Chloe wants to help cook. I told her she could mash the sweet potatoes, which is a four-year-old-safe task that involves a potato masher and rage. She's already practicing on bananas. The bananas are very mashed. They are, in fact, destroyed. She is ready.
Jayden has discovered the word "mine." Everything is "MINE." The remote: mine. The spoon: mine. Chloe's doll: MINE (this causes a war every time). My coffee cup: mine (he doesn't even drink coffee, but he'll fight for the cup). He is twenty months old and he is a tiny capitalist. Property is his love language.

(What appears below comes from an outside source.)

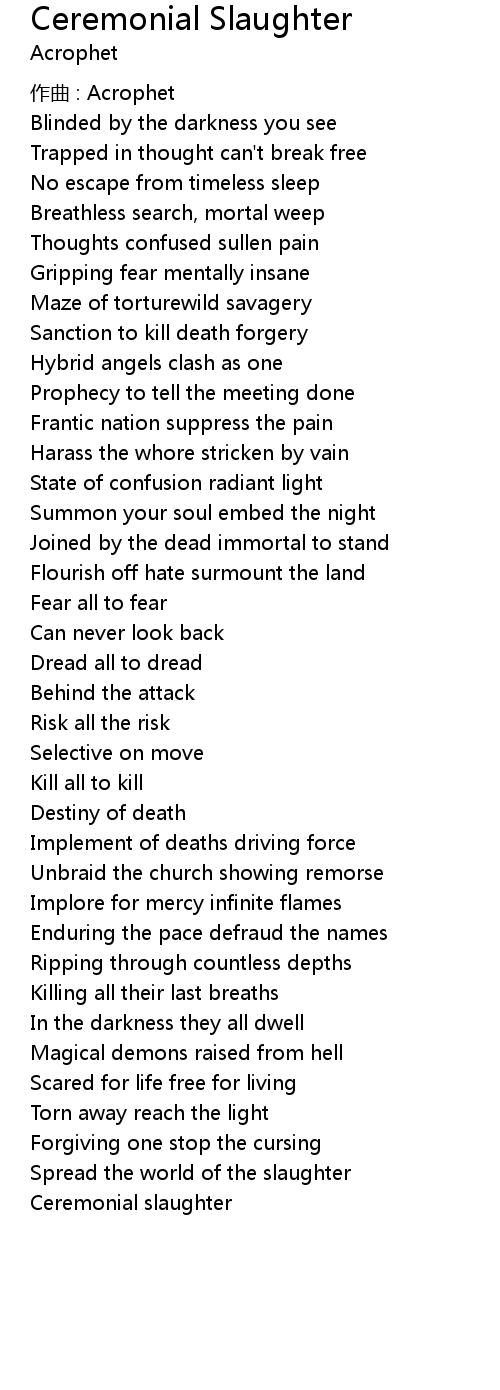 | 歌曲 | Ceremonial Slaughter |

I got an email from Dr. Whitfield. She wants me to consider being a peer tutor next semester — helping first-semester students with anatomy, using my notes, sharing study strategies. She said, "Your academic performance and your personal experience make you an ideal mentor." MENTOR. Five months ago I was asking what a bicuspid was. Now I'm being asked to mentor. The distance between those two moments is not measured in months. It's measured in every 3 AM flashcard session, every parking lot cry, every bowl of ramen I ate at 11 PM because I was too tired to cook and too wired to sleep. That distance is mine. MINE. (See, Jayden? Mama has the word too.)
I made a chicken tortilla soup this week. It's my cold-weather go-to when I need something fast and warm and cheap: shredded chicken, canned black beans, canned corn, canned tomatoes with green chiles, chicken broth, cumin, garlic powder, lime juice. Fifteen minutes. Top with tortilla strips (I cut up and bake old flour tortillas) and cheese. Chloe ate hers with an unreasonable amount of cheese. Jayden dunked his hand in and ate fistfuls of broth-soaked tortilla. We're not fancy people. We're fed people. That's better.
That soup I mentioned—the one I threw together in fifteen minutes while running on fumes and pride—got me thinking about all the other fast, warm, Mexican-spiced meals that have kept us going this semester. So this week I’m sharing the skillet version: same spirit as that soup, but cooked in one pan on a busy night when even opening cans feels like a lot. Here’s how it comes together.
Skinny Mexican Chicken Skillet
Prep Time: 5 min | Cook Time: 15 min | Total Time: 20 min | Servings: 4
Ingredients
- 1 lb boneless, skinless chicken breasts, cut into bite-sized pieces
- 1 tablespoon olive oil
- 1 teaspoon cumin
- 1 teaspoon garlic powder
- 1/2 teaspoon chili powder
- 1/2 teaspoon smoked paprika
- 1/4 teaspoon salt
- 1 can (10 oz) diced tomatoes with green chiles, undrained
- 1 can (15 oz) black beans, drained and rinsed
- 1 can (15 oz) whole kernel corn, drained
- 1/4 cup chicken broth
- Juice of 1 lime
- 1/2 cup shredded Mexican blend cheese
- 2 flour tortillas, cut into strips and baked until crisp (optional topping)
- Fresh cilantro, for topping (optional)
Instructions
- Season the chicken. Toss chicken pieces with cumin, garlic powder, chili powder, smoked paprika, and salt until evenly coated.
- Cook the chicken. Heat olive oil in a large skillet over medium-high heat. Add seasoned chicken and cook 5–6 minutes, stirring occasionally, until cooked through and lightly browned.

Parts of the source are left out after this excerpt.